ECLI:NL:OGEAA:2021:164
Gerecht in Eerste Aanleg van Aruba
- Eerste aanleg - enkelvoudig
- M.E.B. de Haseth
- Rechtspraak.nl
Beroep tegen verlening bouwvergunning door de Minister van Ruimtelijke Ontwikkeling, Infrastructuur en Milieu
In deze zaak heeft de Minister van Ruimtelijke Ontwikkeling, Infrastructuur en Milieu op 21 mei 2019 een bouwvergunning verleend voor de bouw van een appartement op een specifiek perceel. De appellant, die in persoon procedeerde, heeft bezwaar gemaakt tegen deze vergunning en op 20 augustus 2020 beroep ingesteld bij het Gerecht in Eerste Aanleg van Aruba, nadat zijn bezwaar op 16 juli 2020 ongegrond was verklaard. De zitting vond plaats op 16 november 2020, waar zowel de appellant als de gemachtigde van de verweerder aanwezig waren, evenals een derde-belanghebbende.
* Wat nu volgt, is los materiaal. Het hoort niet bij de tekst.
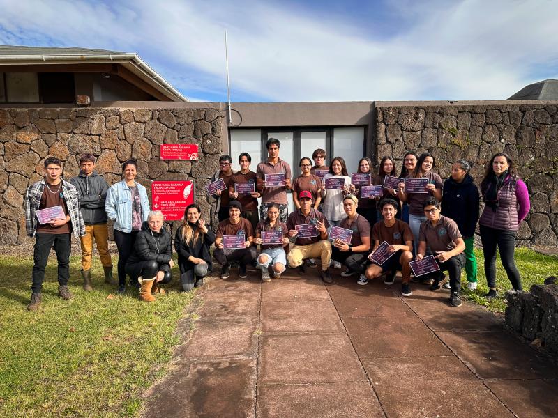 El día miércoles 28 de junio, se realizó en el Patio de los Ceibos del Mapse Museo Rapa Nui, la ceremonia de finalización de los talleres de formación de guías de la exposición permanente, junto a los alumnos y alumnas de 4to medio Turismo, del Liceo Aldea Educativa Hōŋa'a o te Mana. El objetivo de estos talleres es capacitar a jovenes a partir de los contenidos expositivos del museo con el fin de que ellos puedan realizar visitas guiadas programadas a los usuarios que recibe el museo. Acercar las colecciones del museo a estudiantes de educación media de la comunidad. Fomentar el interés por la investigación del patrimonio e historia rapa nui. Educar acerca del trabajo de protección y difusión del patrimonio que realiza el museo

De rechter heeft de zaak beoordeeld aan de hand van de relevante artikelen van de Bouw- en Woningverordening (Bwv). De appellant betoogde dat de bouwvergunning in strijd was met artikel 22 van de Bwv, omdat het bouwplan in strijd zou zijn met een goedgekeurd verkavelingsplan. Dit betoog werd verworpen, omdat een koopovereenkomst geen goedgekeurd verkavelingsplan is. Daarnaast voerde de appellant aan dat de gevelrooilijn werd overschreden, maar ook dit betoog faalde, aangezien de definitie van gevelrooilijn in de Bwv niet de door de appellant gesuggereerde interpretatie ondersteunt.
De rechter concludeerde dat het beroep ongegrond was en dat er geen aanleiding was voor een proceskostenveroordeling. De uitspraak werd gedaan op 18 januari 2021, en beide partijen hebben de mogelijkheid om binnen zes weken hoger beroep in te stellen bij het Gemeenschappelijk Hof van Justitie.